Last Wednesday, David Rothenberg gathered members of the Coalition for Gay Rights to protest the mayor's shuffling off of the city's responsibility to establish an AIDS hospice to the Archdiocese of New York. Their complaint was sound; AIDS challenges not just one church but all the rest of us.
What was curious and even sadder was the chill with which the Gay Coalition greeted Cardinal John O'Connor's initiative.
"If the archdiocese wants to run and fund its own AIDS center," said Andy Humm, "that is their privilege." The cardinal is indeed not surprisingly stiff- necked on the subject of continence and the Gay Coalition has been understandably wounded by his prior comments and present policies.
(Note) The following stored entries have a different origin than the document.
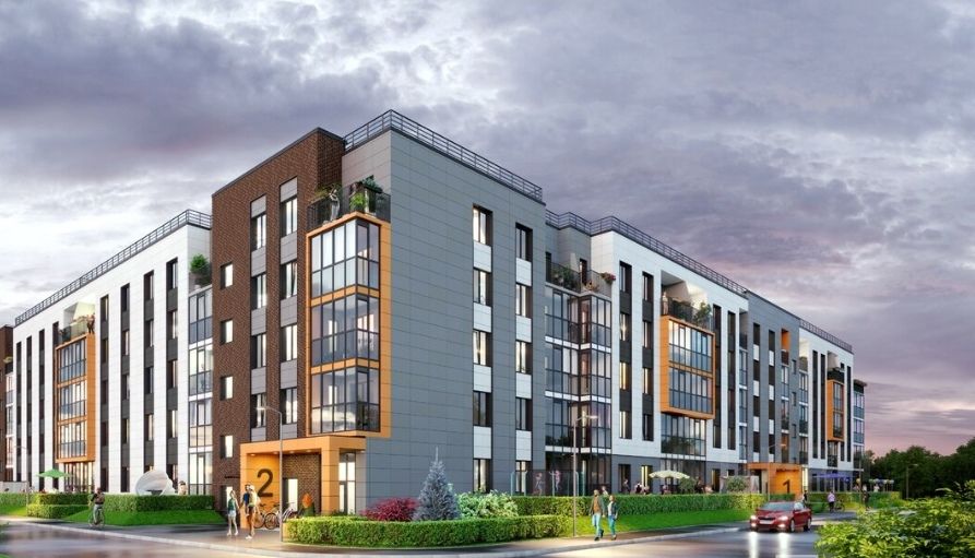 • Фасады из керамогранита и кирпича с яркими и акцентными входными группами.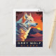 Grey wolf postcard. Mountains and a sunset behind. Travel postcard in vibrant colours.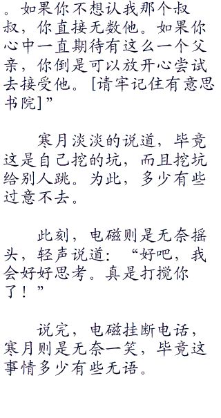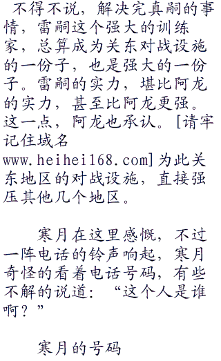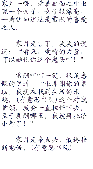 随后,寒月挂断电话,然后再次拨打电话,这一次则是拨打雷嗣的电话。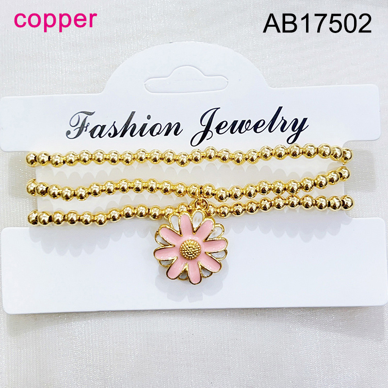 Home > Level B Fashion Jewelry New Trendy Women Jewelry Niche Design Layered Jewelry Round Beads Flower Golden Elastic Bracelet;Material:copper (cobre)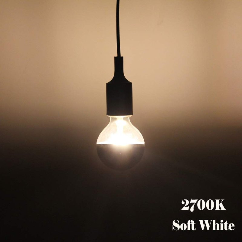 - ✔Light Output: 600 lumens - 6W LED (60 watts Equivalent) - 2700 kelvin (warm white) - 2,0000 hour bulb life. Please note, these half mirror led light bulbs are not as bright as modern bulbs of the same wattage and are recommended for exposed socket fixtures.

But he is not availing himself of a dubious "privilege"; he is acting upon a concept of charity lamentably absent everywhere else. Of course it is sinful to lay what is our duty all on his shoulders, but we ought not to blame him for trying to do the good deed that every other visible institution seems to abjure.
The mayor was in happier form at the ceremonies of tribute to Cab Calloway. Calloway led all present in the "Hi Dee Ho's" of the tale of "Minnie the Moocher" and her beloved Cokey Joe, and the mayor chanted louder than the rest, all unconscious that he was hymning the weed, the gage, the Good Brother, and the Mary Jane.
He and Cab Calloway had brought the reefer to City Hall Park, which, judging from the fumes that cloud it in the spring noons, amounted to carrying coals to Newcastle.
A group of Brooklyn residents assembled to object to a proposed incinerator stood on the other side of the police barriers, their outcries drowned in these hosannas to pot.
The mayor has reached the summit where candidates are immune to damage; on a day when he may have lost some of the Hasidim, he had recouped with the drug culture.